他也後知後覺想到了一件事:所以仙子早就知道師父想見她是為了什麼事,可她還是沒有任何猶豫就答應跟著他來了。
在此刻宋明軒的眼裡,葉問箏簡直就是從天而降的天仙!
所以當葉問箏問出,“你們就不怕我最終卻依舊會失敗嗎?”
一直沒有說話的宋明軒站起身來,想都沒想就回答道:“葉仙子,你給我的那張符籙,已經讓我過了幾日安穩日子。這段時間比我過去十幾年都要自在快樂,我已然心滿意足,所以不論今後是何結果,明軒都感激不盡。”
他說這話的時候那雙眼睛乾乾淨淨,只有一片溫潤的平和,坦蕩得沒有半分虛偽怨懟。
傻子。
葉問箏心裡微微動了一下。
這個年紀輕輕就受盡黴運之苦的少年,倒是比她見過的許多人都通透。
宗主滿臉笑容,欣慰且自豪地看著自家弟子。
“符籙終究是外物。
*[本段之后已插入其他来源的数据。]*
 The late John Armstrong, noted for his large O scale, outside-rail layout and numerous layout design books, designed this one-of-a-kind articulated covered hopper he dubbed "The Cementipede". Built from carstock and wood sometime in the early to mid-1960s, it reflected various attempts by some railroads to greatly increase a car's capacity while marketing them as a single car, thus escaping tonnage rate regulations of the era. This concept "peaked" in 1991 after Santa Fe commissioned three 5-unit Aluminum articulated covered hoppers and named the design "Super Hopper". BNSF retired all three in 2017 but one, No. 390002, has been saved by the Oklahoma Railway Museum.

”
葉問箏輕輕放下茶杯,語氣平緩地說出了他們在意之事。
在初見宋明軒打定主意要研究他的體質後,她就一直在查詢資料,制定計劃,此刻說出來更顯得遊刃有餘。
“它靠陣法遮蔽天道規則的感應,戴在身上能保一時平安,但符紙上的靈力會被慢慢消耗,一旦耗盡,黴運還是會回來的。”
說到這,她話鋒突然一轉,笑吟吟地看向他們:“可……只是這樣你們就滿足了嗎?”
“自然是不滿足的。”
沈宗主目光溫和地看著她:“明軒這孩子命苦,得了這厄運之體一般的體質,我與他父親都盼著他能徹底痊癒,可始終束手無策。幸好明軒性情堅定,從不自怨自艾,能平安走到今天這一步,已是意外之喜。所以葉姑娘有何想法,但說無妨,哪怕是不切實際的法子,我們也願意一試。”
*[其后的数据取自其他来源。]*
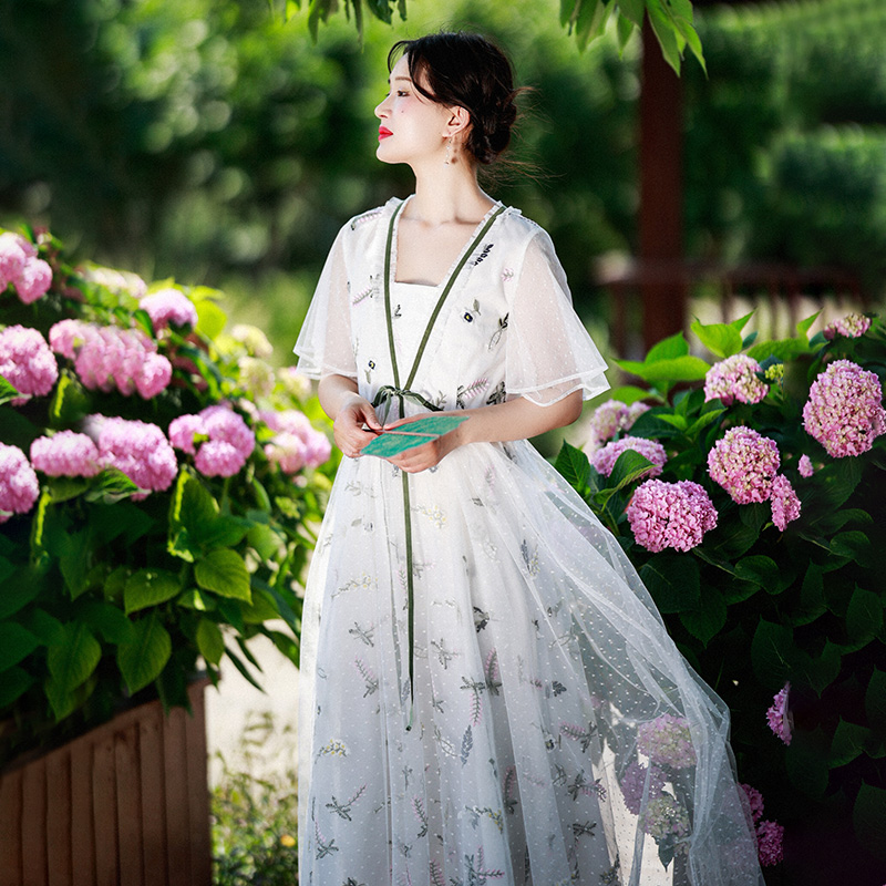 - 刺绣欧根纱连衣裙女

宋明軒也在一旁點頭,給她的茶杯斟滿茶水,語氣鄭重:“明軒全權聽仙子安排。”
葉問箏有一瞬的怔然。
大師傅說過:世人皆有慾望,為了慾望會變得面目醜陋,不擇手段。可眼前這兩人,一個坦蕩磊落,一個從容不迫,有些脫離師傅們的教導案例,倒是讓她有些不適應了。
而且這位宗主似乎看穿了她的小把戲,卻沒有明著拆穿,反而像對待自家小輩一樣包容她,這讓習慣了師傅們那樣恩怨分明、直來直往的葉問箏有些不好意思地躲開了他的視線。
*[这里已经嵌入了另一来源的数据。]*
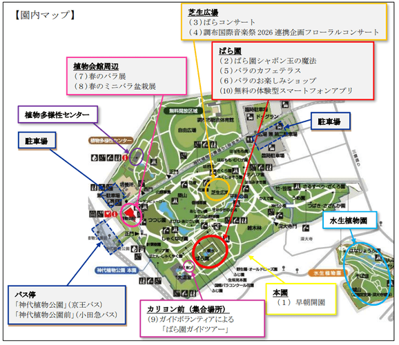 ※「春のバラフェスタ」開催期間中は混雑が予想されます。公共交通機関をご利用ください。

她假裝掩唇咳嗽了一聲,遮掩那點不自然,努力擺正態度,語氣也認真了幾分:“要徹底解決他的問題,不是沒有法子,只是比較麻煩,需要內外兼顧。”
“如何兼顧?”沈宗主問。
“內,要找到他自身的問題所在——靈根、體質、命格,總有一處是根源,然後進行相對應的治療。外,需要用陣法或符籙長期維持,隔絕天道窺視和規則干擾。如此就算不能徹底根除,至少也能讓他像個正常人一樣行走修仙界。”
她說得詳細,條理分明,聽著竟讓人覺得這事兒真有幾分可行性。
聽到最後宋明軒的神色都恍惚了。
他好像聽懂了每一句話,又好像沒懂,亦或者說不敢相信。
像個正常人一樣。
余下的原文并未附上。